Dev Journal #3 - ERD and Data Normalization
Entity Relationship Diagram
Initial draft of ERD
Exercise tracking consists of the four main entities: Users
, Exercises
, Sessions
, and Logs
. Users
is the entity that will represent the user accounts and profile information. Exercises
will hold information about each type of exercise that can be tracked. Sessions
will represent each workout session. Finally, Logs
will hold information of each set performed within the workout sessions.
In order to organize each workout so that I can query and create statistics, I must normalize the information into a separate table listed above. This process of breaking down the information into granular bits is called data normalization. It is crucial to properly normalize the data to avoid redundant or inconsistent data. There are multiple levels of normalizations that can be applied to the relational database. For most cases, level three, or also known as the third normal form is considered an adequate level of normalization. In the following sections, I will give a brief explanation of how to apply the first, second and third normal forms with related examples.
First Normal Form
For the sake of creating an example, let’s say I performed
- 1 set of pull ups on an angled pull up bar to exercise my back muscles
- 1 set of pull ups on a straight pull up bar to exercise my back muscles
- 1 set of muscle up on the rings to exercise my back muscles
- 1 set of dips on a straight pull up bar to exercise my chest muscles
- 2 sets of dips on the parallel bars to exercise my c hest muscles
- 2 sets of dips on the rings to exercise my chest muscles
The equivalent piece of information translated into the database without any normalization would look like this:
exercise_info |
---|
set 1 of pull ups on angled pull up bar for back muscle |
set 2 of pull ups on straight pull up bar for back muscle |
set 1 of muscle ups on rings for back muscle |
set 1 of dips on straight pull up bars for chest muscle |
set 2 of dips on parallel bars for chest muscle |
set 3 of dips on parallel bars for chest muscle |
set 4 of dips on rings for chest muscle |
set 5 of dips on rings for chest muscle |
A relation in the first normal form (1NF) should only store atomic values to each table attributes, and each row should be uniquely identified. To achieve 1NF, I split each row into multiple columns where each column holds indivisible information. Note that I don’t actually have the column bar_type in my real application. This info was added as an afterthought to explain 3NF violation in the later section.

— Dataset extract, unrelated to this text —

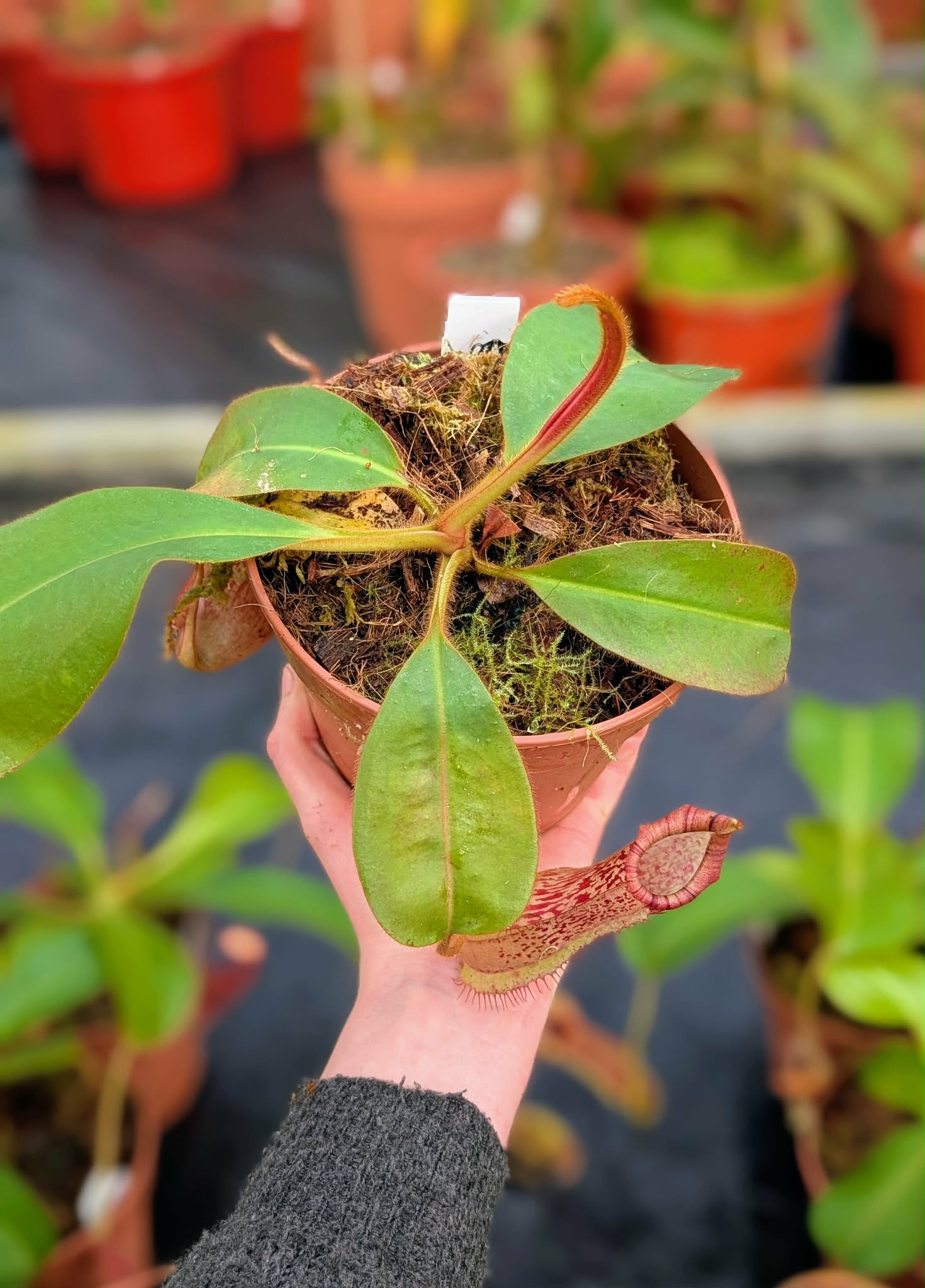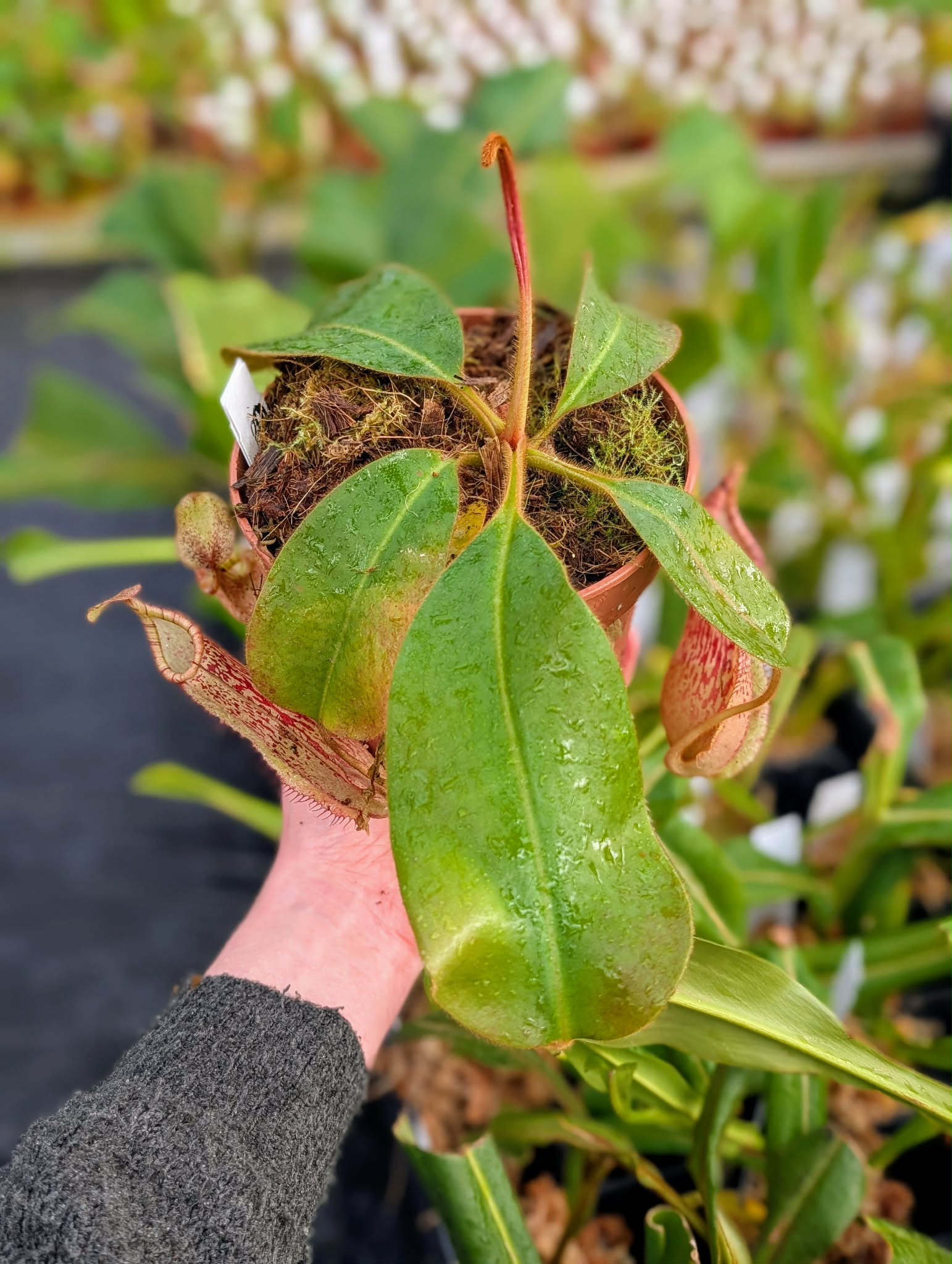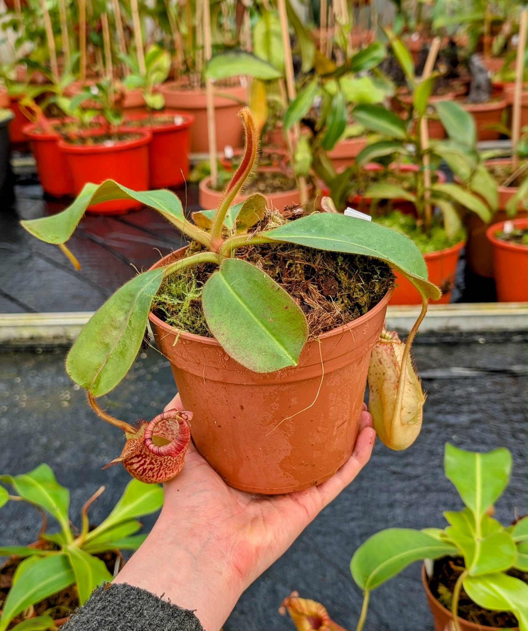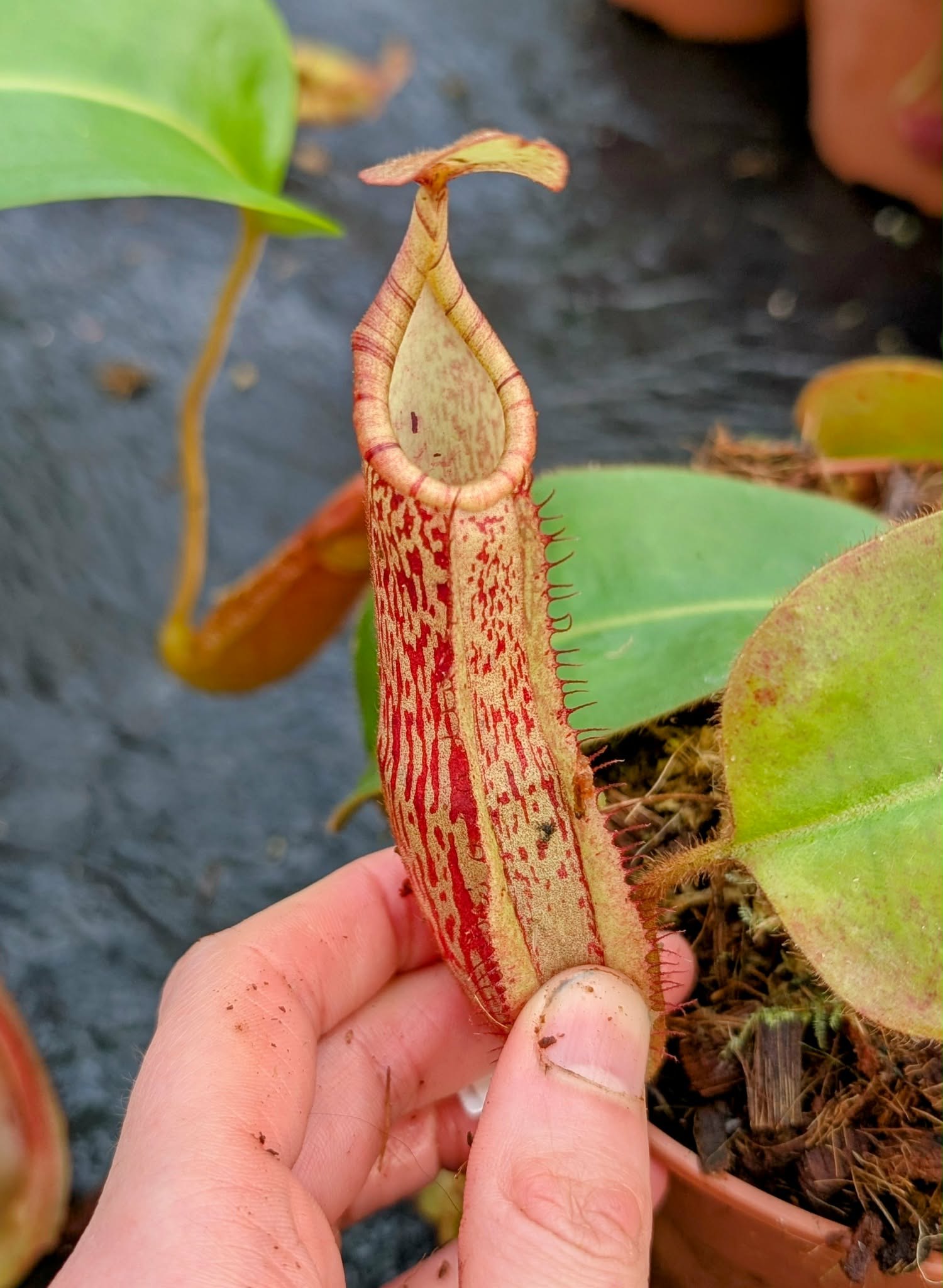A striking Nepenthes hybrid combining the elegant pitcher form of N. peltata and N. platychila with the robust influence of N. veitchii.
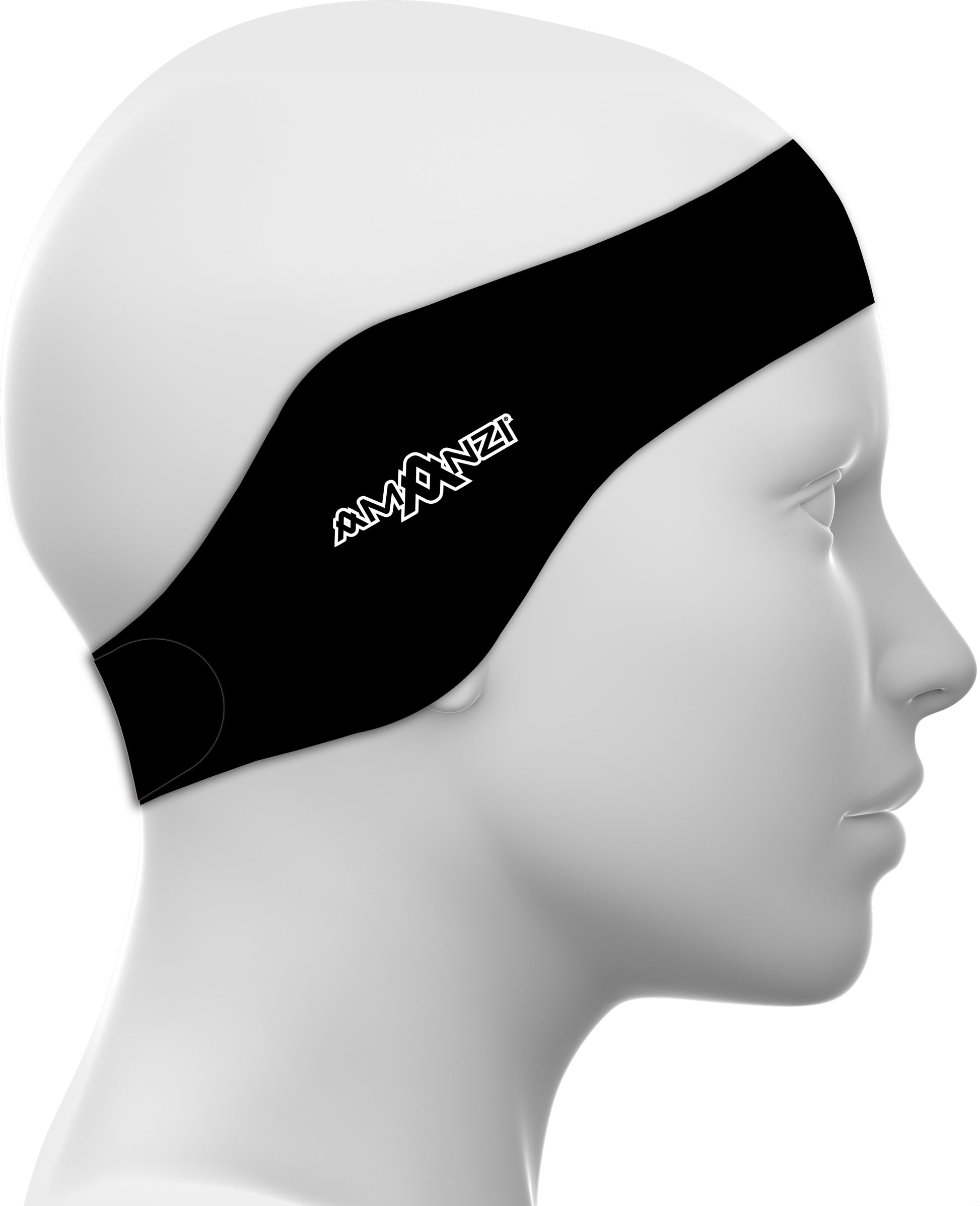 AMANZI Ear bands have been designed to cover and protect the ears while swimming. They are made of a non-slip neoprene to ensure they remain in place when swimming. The Ear Bands are adjustable to fit snugly around the head and are suitable for all ages. Ear bands are used to secure traditional ear plugs or ear putty in place. They are also used to keep the ears warm in cold aquatic environments.

set_number | exercise_name | equipment | muscle_group | bar_type |
---|---|---|---|---|
1 | pull ups | pull up bar | back | angled |
2 | pull ups | pull up bar | back | straight |
1 | muscle ups | rings | back | null |
1 | dips | pull up bar | chest | straight |
2 | dips | parallel bars | chest | null |
3 | dips | parallel bars | chest | null |
4 | dips | rings | chest | null |
5 | dips | rings | chest | null |
Second Normal Form
The second normal form (2NF) aims to remove the functional dependency on anything other than the entity’s candidate key. The candidate key is the combination of attributes that uniquely identifies a row in the database. In my example, the candidate key is (set_number, exercise_name, equipment) and the functional dependency formula can be defined as:
FD = { set_number, exercise_name → equipment, muscle_group, bar_type }
This schema is not in 2NF because exercise_name → muscle_group, as in exercise_name alone can uniquely determine the value of muscle_group. Because exercise_name is a subset of the candidate key, this violates 2NF. To convert my example into 2NF, I can move the exercising muscle group information into a separate table named Exercises
. ExerciseLogs
table should now refer to this data in Exercises
table by a foreign key.
Exercises
exercise_name | muscle_group |
---|---|
pull ups | back |
muscle ups | back |
dips | chest |
ExerciseLogs
set_number | exercise_name | equipment | bar_type |
---|---|---|---|
1 | pull ups | pull up bar | angled |
2 | pull ups | pull up bar | straight |
1 | muscle ups | rings | null |
1 | dips | pull up bar | straight |
2 | dips | parallel bars | null |
3 | dips | parallel bars | null |
4 | dips | rings | null |
5 | dips | rings | null |
Third Normal Form
A relation is in third normal form (3NF) if it already satisfies 2NF requirements and no non-prime attribute is transitively dependent on the candidate keys. The newly created Exercises
table meets the 3NF requirements. The candidate key is exercise_name and { exercise_name → muscle_group } is the only functional dependency. However, ExerciseLogs
table fails 3NF due to the transitive functional dependency { bar_type → equipment } which is a dependency between a non-prime attribute to another non-prime attribute. bar_type values are non-trivially dependent on specific equipment values which in this case only applies to the pull up bar. To fix 3NF violations, I can further extract the equipment information into a separate entity with an identifiable primary key like the following:
Exercises
exercise_name | muscle_group |
---|---|
pull ups | back |
muscle ups | back |
dips | chest |
Equipments
equipment_id | equipment_type | bar_type |
---|---|---|
0 | pull up bar | angled |
1 | pull up bar | straight |
2 | parallel bars | null |
3 | rings | null |
ExerciseLogs
set_number | exercise_name | equipment_id |
---|---|---|
1 | pull ups | 0 |
2 | pull ups | 1 |
1 | muscle ups | 3 |
1 | dips | 1 |
2 | dips | 2 |
3 | dips | 2 |
4 | dips | 3 |
5 | dips | 3 |
In some cases where 3NF relation has multiple overlapping candidate keys, it may require additional normalization to satisfy the Boyce Codd Normal Form (BCNF). But as mentioned earlier, generally normalizing to 3NF is enough to avoid anomalies during an update, insert and delete operation. Higher level of normalization also comes down with performance costs because it increases the number of tables and joins. I am sure I will come across more complicated normalization problems later down the road but I think this is good enough of a review for now.